The result should be an exact copy of every record, with no pictures kept.

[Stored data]
★ ★ ★
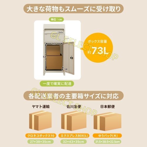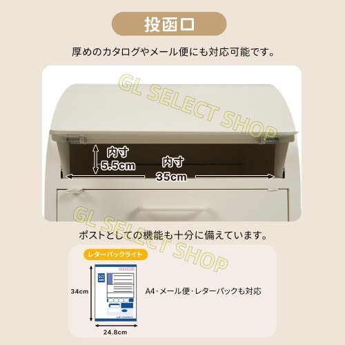• ◎03【ポスト一体型の大容量】不在時も樣々な荷物を受け取れる一体型!大容量で再配達の手間をなくします。上段に郵便ポスト。下段に宅配ボックス。【投函口】厚めのカタログやメール便にも対応可能です。ポストとしての機能も十分に備えています。A4メール便レターパックも対応。【取出口】取り出しは片手で簡単にでき、非常に便利です!【大きな荷物もスム一ズに受け取り】一度で確実に配達。ボックス容量約73L。
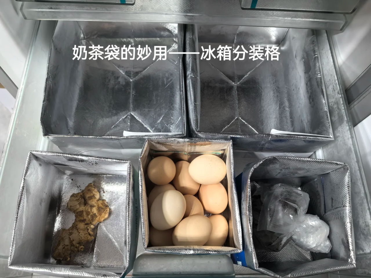 他说冰箱盒不仅花钱,而且占地方。而外卖袋不仅不花钱,而且可以自定义高低。无论装什么都很随意,脏了也可以清洗一下,继续使用。
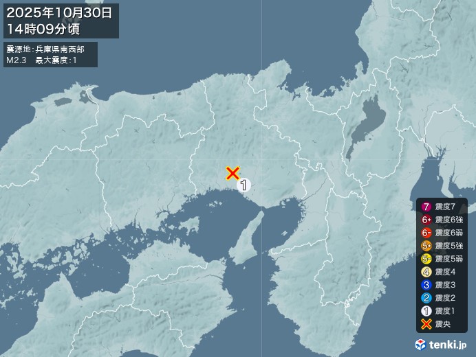 14時9分ごろ、M2.3 兵庫県南部 北緯34.9度 東経134.7度 深さ10km 最大震度1 加古川市 https://earthquake.tenki.jp/bousai/earthquake/detail/2025/10/30/2025-10-30-14-09-28.html
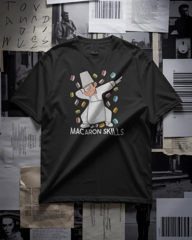 Creative chef graphic t-shirt featuring a playful macaron-themed design. Perfect for pastry chefs, bakers, and dessert lovers who want to show off their skills in style.
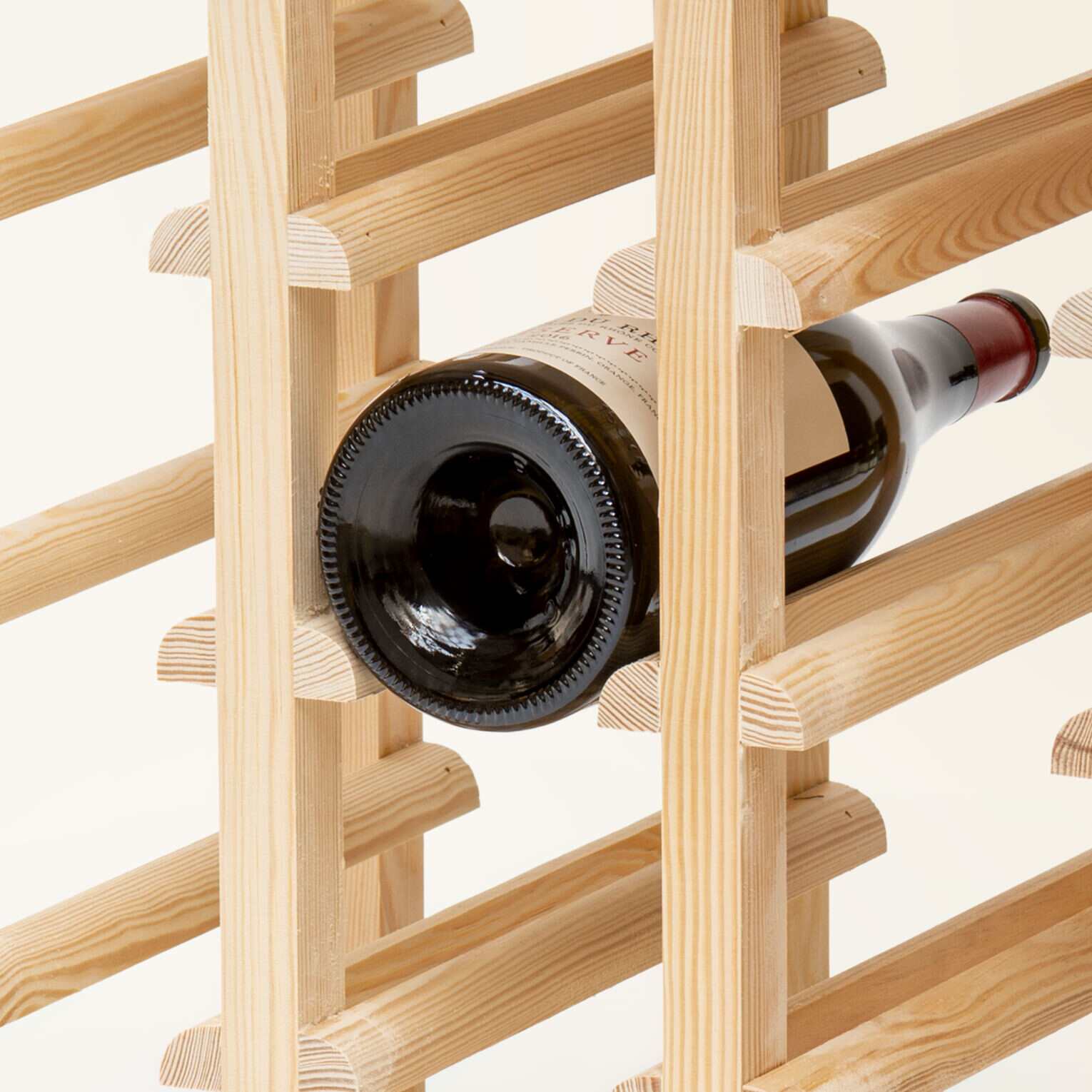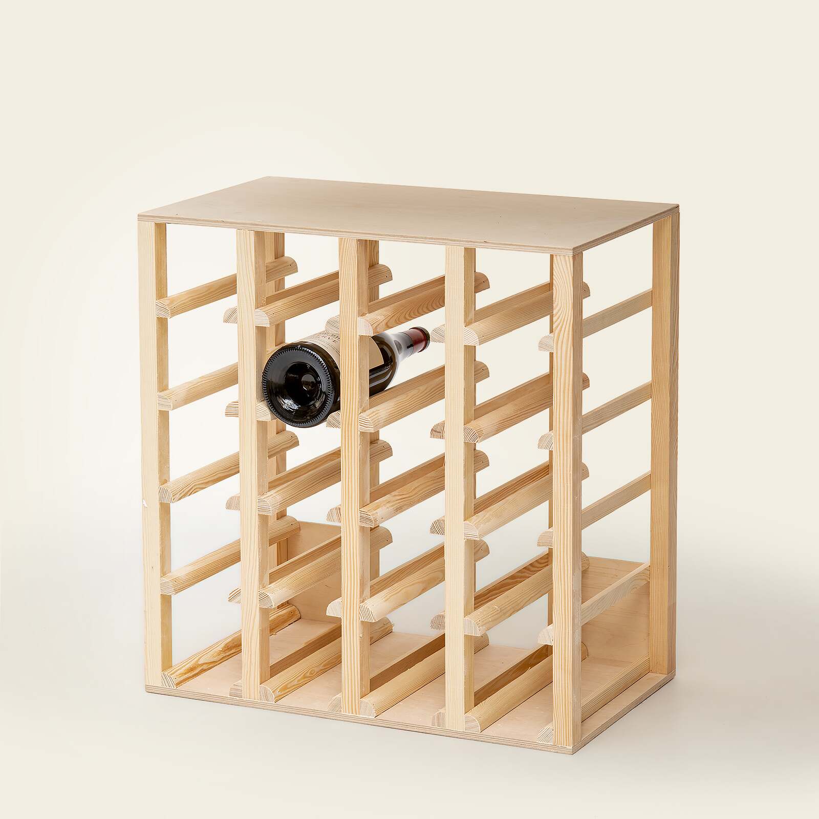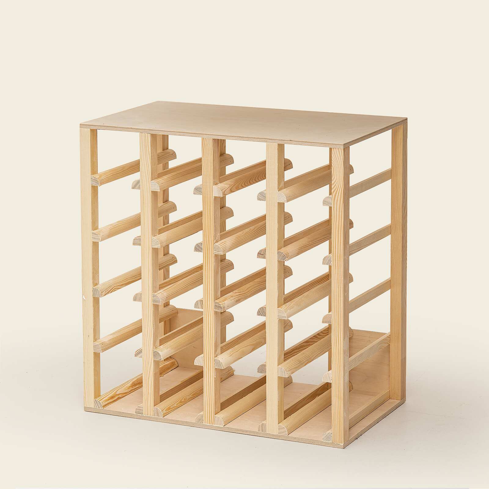 Geschliffenes Kiefernholz, das MS-Single ist ein modulares System mit beliebig stapel- und kombinierbaren Modulen für verschiedene Flaschengrößen.
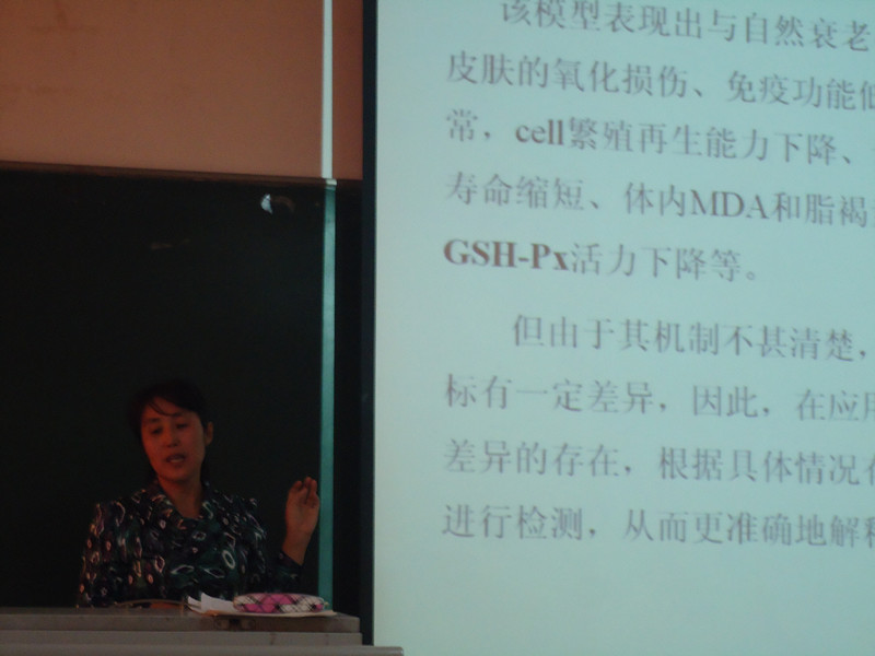 陈艳珍教授首先就《复合微量元素对衰老小鼠作用的研究》进行了汇报。陈艳珍教授就什么是“衰老”这一问题开始了此次学术报告。衰老是体内外因素共同作用的结果,是一种连续性的、普遍存在的、进行性的、内在的,且具有破坏性的、不可逆转的生理过程。目前,学术界针对衰老和抗衰老机理研究,主要是寻找一种高效、安全可靠的抗衰老方法,在衰老生物学和老年医学研究领域就其学术价值二比较受认可的有几十种学说,最终可以归结为两大学说,一是损伤积累衰老理论,二是基因程序理论,这两种学术理论均有一定的实验基础,但是也存在着较大的局限性,因为这两种学说都只是从一个方面进行了阐述,现代科学研究表明,只有将这两种学说有机的结合在一起才可以得出较为中肯的理论。除生活习惯、锻炼方法外可以对机体衰老起到一定作用外,长寿基因和和衰老基因研究以及抗衰老制剂研究均可以为机体衰老起到一定的作用。紧接着,陈艳珍教授向参与报告会成员介绍了几种常见的衰老动物模型,主要可以分为自然衰老动物和人为因素致衰老的动物为模型。常用人为因素致衰老动物模型造模方法大约有四种,如D-gal致衰老模型就是大剂量的注射D-gal,致使被还原成半乳糖醛醇和H2O2并在这一过程中产生超氧离子,逐步引起cell中脂质、蛋白质氧化应激而使细胞产生障碍。这种致衰老模型是我国科学家最为常用的衰老模型,同时在国际上也受到极大认可。随后,陈艳珍教授又讲解了快速老化小鼠(SAM)模型、小型鱼类衰老模型、果蝇衰老模型,这几种衰老模型各有其优缺点,需要科研人员在实际操作中针对不同方面科学的选取衰老模型。陈教授着重阐述了复合微量元素对D-gal诱导衰老小鼠作用的研究,机体中常见SOD/GSH-Px、CAT等抗衰老酶系。其中SOD随着年龄的增长活性不断降低。实验目的主要是复合微量元素对抗衰老、抗氧化、抗血脂方面的作用。实验全程共56天,通过负重游泳测试、眼底采血、测定血清尿素氮等方法得出适量补充微量元素对衰老小鼠的抗衰老以及抗疲劳有着显著的作用,同时据国外文献表明长期服用复合微量元素制剂会造成中毒以及药物依赖,因此建议大家以调节饮食方法来补充维生素、微量元素最为适宜。
★ ★ ★
→ Response area
• ◎03【ポスト一体型の大容量】不在時も樣々な荷物を受け取れる一体型!大容量で再配達の手間をなくします。上段に郵便ポスト。下段に宅配ボックス。【投函口】厚めのカタログやメール便にも対応可能です。ポストとしての機能も十分に備えています。A4メール便レターパックも対応。【取出口】取り出しは片手で簡単にでき、非常に便利です!【大きな荷物もスム一ズに受け取り】一度で確実に配達。ボックス容量約73L。
 他说冰箱盒不仅花钱,而且占地方。而外卖袋不仅不花钱,而且可以自定义高低。无论装什么都很随意,脏了也可以清洗一下,继续使用。
 14時9分ごろ、M2.3 兵庫県南部 北緯34.9度 東経134.7度 深さ10km 最大震度1 加古川市 https://earthquake.tenki.jp/bousai/earthquake/detail/2025/10/30/2025-10-30-14-09-28.html
 Creative chef graphic t-shirt featuring a playful macaron-themed design. Perfect for pastry chefs, bakers, and dessert lovers who want to show off their skills in style.
 Geschliffenes Kiefernholz, das MS-Single ist ein modulares System mit beliebig stapel- und kombinierbaren Modulen für verschiedene Flaschengrößen.
 陈艳珍教授首先就《复合微量元素对衰老小鼠作用的研究》进行了汇报。陈艳珍教授就什么是“衰老”这一问题开始了此次学术报告。衰老是体内外因素共同作用的结果,是一种连续性的、普遍存在的、进行性的、内在的,且具有破坏性的、不可逆转的生理过程。目前,学术界针对衰老和抗衰老机理研究,主要是寻找一种高效、安全可靠的抗衰老方法,在衰老生物学和老年医学研究领域就其学术价值二比较受认可的有几十种学说,最终可以归结为两大学说,一是损伤积累衰老理论,二是基因程序理论,这两种学术理论均有一定的实验基础,但是也存在着较大的局限性,因为这两种学说都只是从一个方面进行了阐述,现代科学研究表明,只有将这两种学说有机的结合在一起才可以得出较为中肯的理论。除生活习惯、锻炼方法外可以对机体衰老起到一定作用外,长寿基因和和衰老基因研究以及抗衰老制剂研究均可以为机体衰老起到一定的作用。紧接着,陈艳珍教授向参与报告会成员介绍了几种常见的衰老动物模型,主要可以分为自然衰老动物和人为因素致衰老的动物为模型。常用人为因素致衰老动物模型造模方法大约有四种,如D-gal致衰老模型就是大剂量的注射D-gal,致使被还原成半乳糖醛醇和H2O2并在这一过程中产生超氧离子,逐步引起cell中脂质、蛋白质氧化应激而使细胞产生障碍。这种致衰老模型是我国科学家最为常用的衰老模型,同时在国际上也受到极大认可。随后,陈艳珍教授又讲解了快速老化小鼠(SAM)模型、小型鱼类衰老模型、果蝇衰老模型,这几种衰老模型各有其优缺点,需要科研人员在实际操作中针对不同方面科学的选取衰老模型。陈教授着重阐述了复合微量元素对D-gal诱导衰老小鼠作用的研究,机体中常见SOD/GSH-Px、CAT等抗衰老酶系。其中SOD随着年龄的增长活性不断降低。实验目的主要是复合微量元素对抗衰老、抗氧化、抗血脂方面的作用。实验全程共56天,通过负重游泳测试、眼底采血、测定血清尿素氮等方法得出适量补充微量元素对衰老小鼠的抗衰老以及抗疲劳有着显著的作用,同时据国外文献表明长期服用复合微量元素制剂会造成中毒以及药物依赖,因此建议大家以调节饮食方法来补充维生素、微量元素最为适宜。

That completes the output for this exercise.